What constitutes historical truth is often subject to change. Through ingenious detection, the accepted wisdom of one generation may become the discredited legend of another—or vice versa. In this wide- ranging study of historical investigation, former detective Joe Nickell allows the reader to look over his shoulder as he demonstrates the use of varied techniques in solving some of the world's most perplexing mysteries. All the major categories of historical mystery are here—ancient riddles, biographical enigmas, hidden identity, "fakelore," questioned artifacts, suspect documents, lost texts, obscured sources, and scientific challenges. Each is then illustrated by a complete case from the author's own files.
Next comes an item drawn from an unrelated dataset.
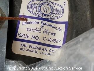 Item Description: Chandelier is brass finish, 16" H, 18.5" diameter with 17" long chain. Lamp is 32" H, no shade. Both work.

Nickell's investigation of the giant Nazca drawings in Peru, for example—thought by some to provide proof of ancient extraterrestrial visitations—uses innovative techniques to reveal a very different origin. Other cases concern the 1913 disappearance of writer and journalist Ambrose Bierce, the authenticity of the Shroud of Turin, the truth about the identity of John Demjanjuk ("Ivan the Terrible" to Polish death camp victims), the fate of a lost colonial American text, the authenticity of Abraham Lincoln's celebrated Bixby letter, and the apparent real-life model for a mysterious character in a novel by Nathaniel Hawthorne. In reaching his solutions, Nickell demonstrates a wide variety of investigative techniques—chemical and instrumental analyses, physical experimentation, a "psychological autopsy," forensic identification, archival research, linguistic analysis, folklore study, and many others. His highly readable book will intrigue the scholar and the history buff no less than the mystery lover.